I don’t know about you, reader, but I saw substantial coverage of Hunter Biden’s appearance in court this week in the Post, Times, and throughout the cable news lineup. Hell, when Biden’s plea deal was dropped, Travis and Buck Sexton suddenly dropped their media blackout narrative in favor of celebrating a “great day for justice” in the country, and *literally* playing clips of supposed Democrat-aligned media covering the story en masse.
Besides shooting his own narrative in the proverbial foot mere minutes after introducing it, Clay’s introduction of the “fansite” narrative to the discussion presents another fascinating avenue to explore.

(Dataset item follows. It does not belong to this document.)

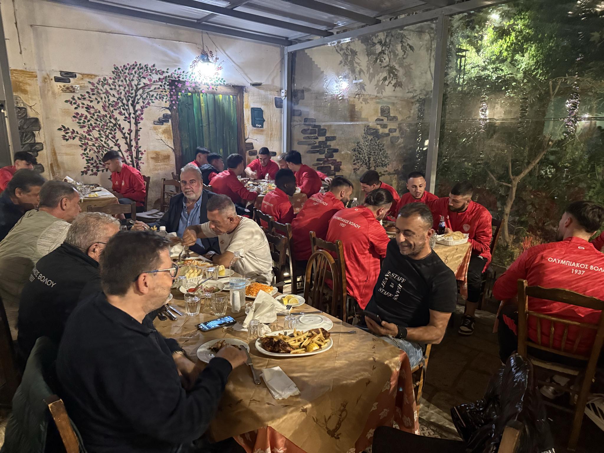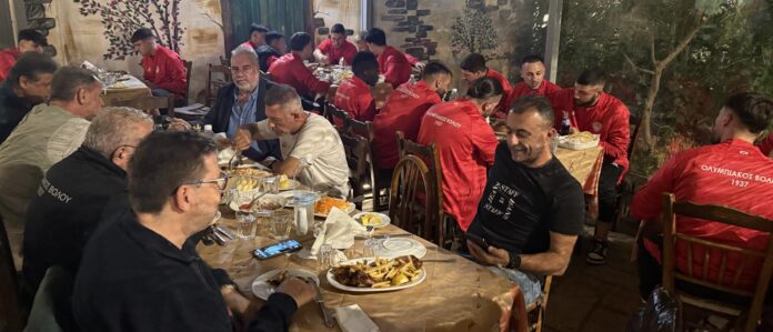 Ο πρόεδρος, εμφανώς συγκινημένος, συνεχάρη τους ποδοσφαιριστές και το τεχνικό τιμ για την ψυχή που έβγαλαν στο γήπεδο. Η βραδιά κύλησε σε εξαιρετικό κλίμα, με χαμόγελα και αίσθημα ικανοποίησης για τη συνέχιση της επιτυχημένης πορείας του Ολυμπιακού Βόλου σε όλους τους θεσμούς, μέσα και έξω από το γήπεδο».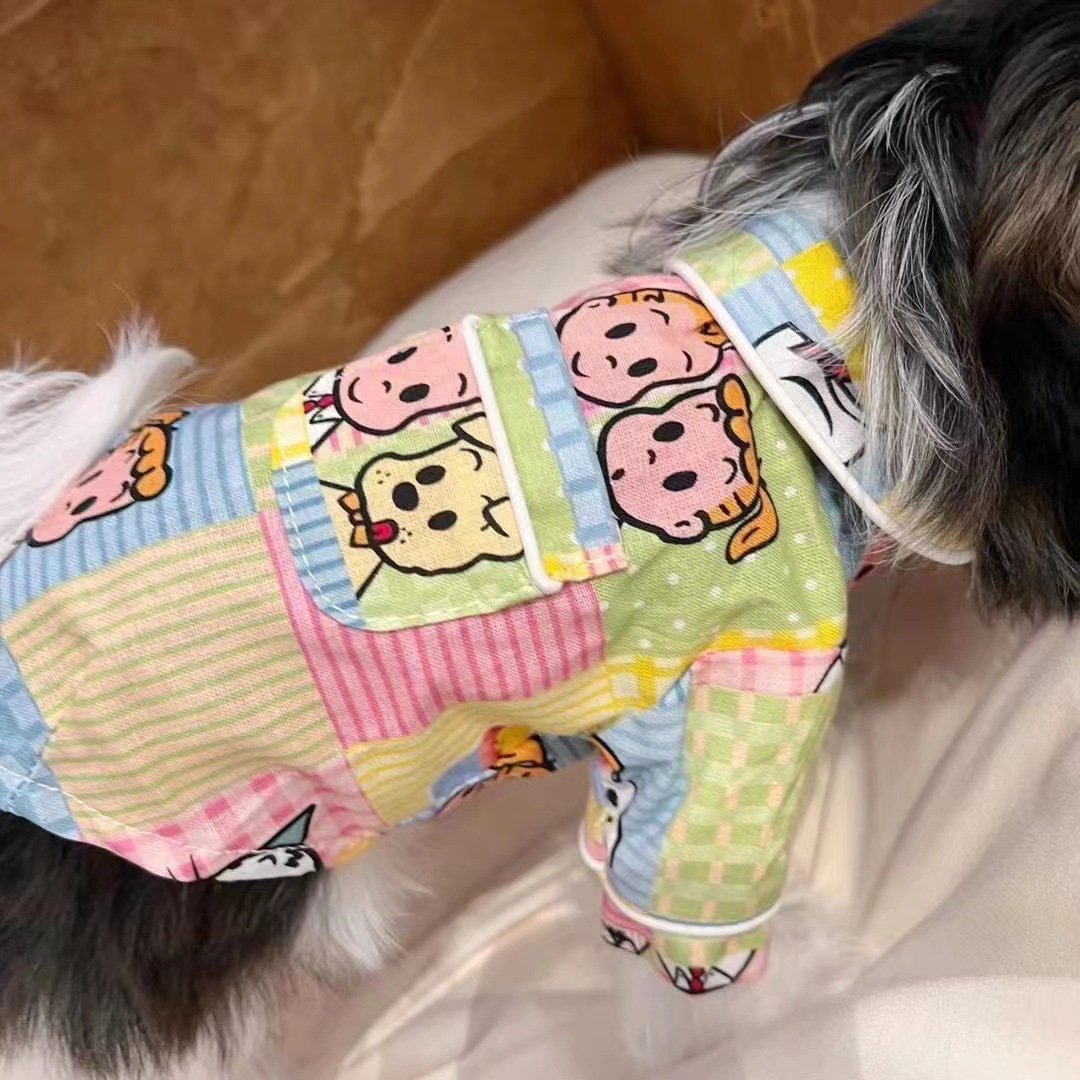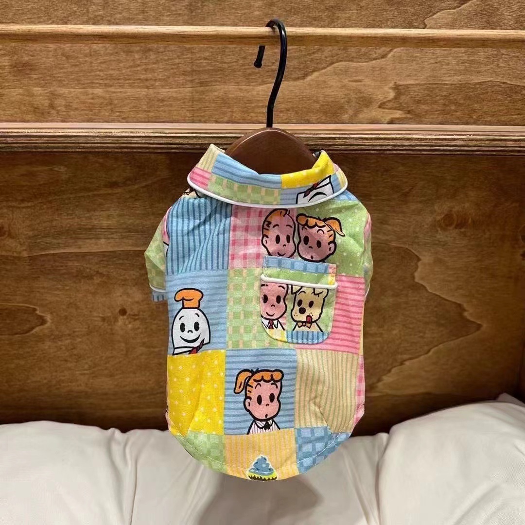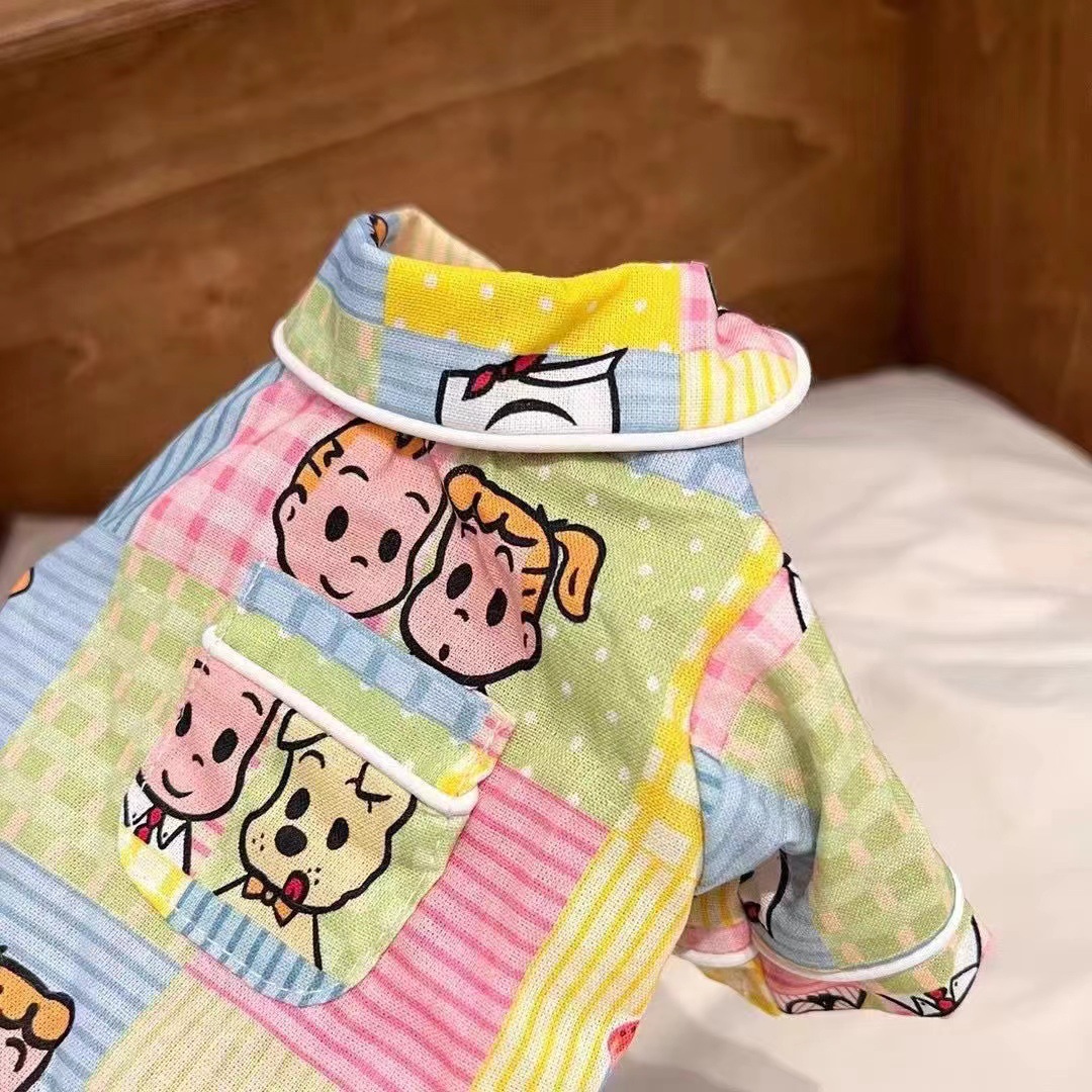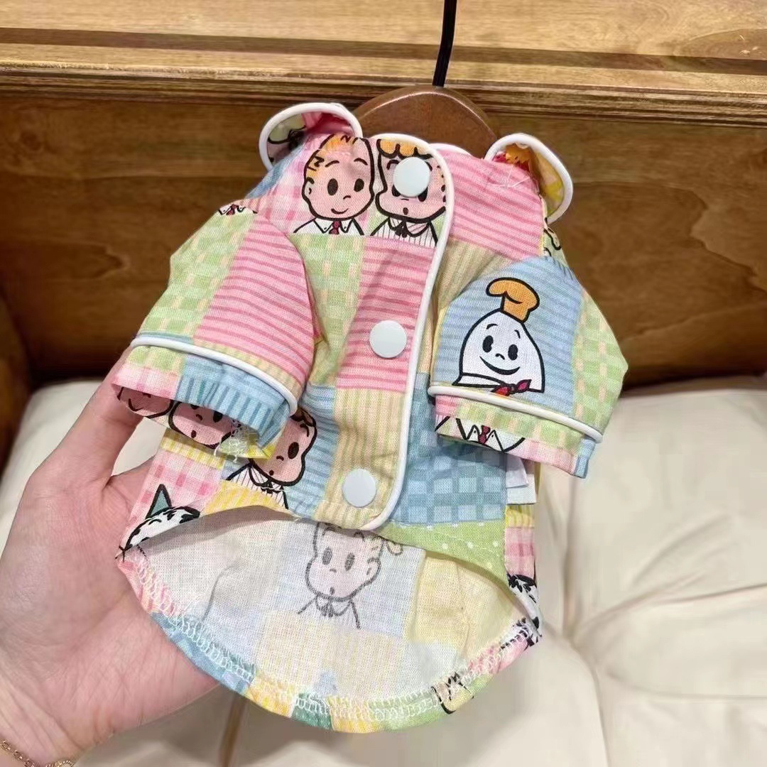 봄과 여름 새로운 애완 동물 고양이와 개 사탕 색 귀여운 만화 인쇄 셔츠 몰타 옷스토어 가기

Isn’t that model precisely what Clay Travis built his website, Outkick, and his newfound career as a political talking head on? Doesn’t the Clay and Buck Show serve as an audio fansite for right-wingers?
Yes, to both. While Outkick may have begun as a relatively harmless and unknown college football-centric blog, it rapidly became a right-wing pop culture and news haven with the arrival of COVID-19 and Donald Trump’s futile attempts at reelection and insurrection.
Suddenly, Clay Travis and his band of “staff writers” were only reporting on political stories that portrayed Joe Biden and Democrat politicians in a poor light. Figures like Donald Trump, Kari Lake, Ted Cruz, and Marco Rubio, among others, were being lionized. New hires included Tomi Lahren, Curt Schilling, and Dan Dakich.
Sensing a pattern here?
Outkick became, and still exists as, exactly the “fansite” that Clay Travis was talking about this week. He found a niche audience in right-leaning to far-right aligned, middle-aged, American white men and began exploiting it. You won’t see a negative story about Donald Trump or Ron DeSantis, the two most likely candidates to snag the Republican nomination for President, or a damning feature about corruption in Christianity. Why? If Outkick suddenly started telling the truth about Trump and the things that their readers held dear, they’d simply stop reading. If readership shrinks, ad sales dry up and the site’s value collapses. This was the business model that Clay used for the site’s best performing years, right up to when he sold to FOX over two years ago, and the Murdochs, of course, know this playbook quite well.
What about Clay and Buck? Stepping into the shoes of the (dead) Rush Limbaugh doesn’t exactly bode well for legitimate, level-headed political talk, but Travis and Sexton have seemingly gone out of their way to attack those who don’t agree with them and stuff three hours of airtime with misinformation labeled as “the front lines of truth” and “ team reality” on show sweepers. They are overtly playing to hard-right republicans who have no intentions of polite discourse with anyone but their own.
We’ve already seen what happens when you go against the grain with Limbaugh’s radio following. Immediately after the 2022 midterms, the radio duo simply levied the possibility of some blame towards Trump for putting forward weak candidates. The result? An explosion of anger on social media, plummeting podcast numbers, and the complete loss of Donald Trump as an ally of the show - he hasn’t called in since.
Just last month, a picture of a Ron DeSantis donor event went viral and featured Clay Travis sitting in the front row. Although he claimed he was attending as “media”, multiple sources with knowledge of the event say he was there as a speaker, donor, and supporter of the DeSantis campaign, despite publicly saying he would not take the side of a single candidate during the GOP primary. A video released this week confirms Travis spoke on-stage. As you can imagine, the pro-DeSantis crowd once again took aim at Clay and Buck, proving that they are very much an audio fansite with subscribers not afraid to cut ties when they’re made to look like fools.
Clay Travis knows clearly knows a lot about the college football fansite model. As well he should, after all, his entire post-COVID career depends on it.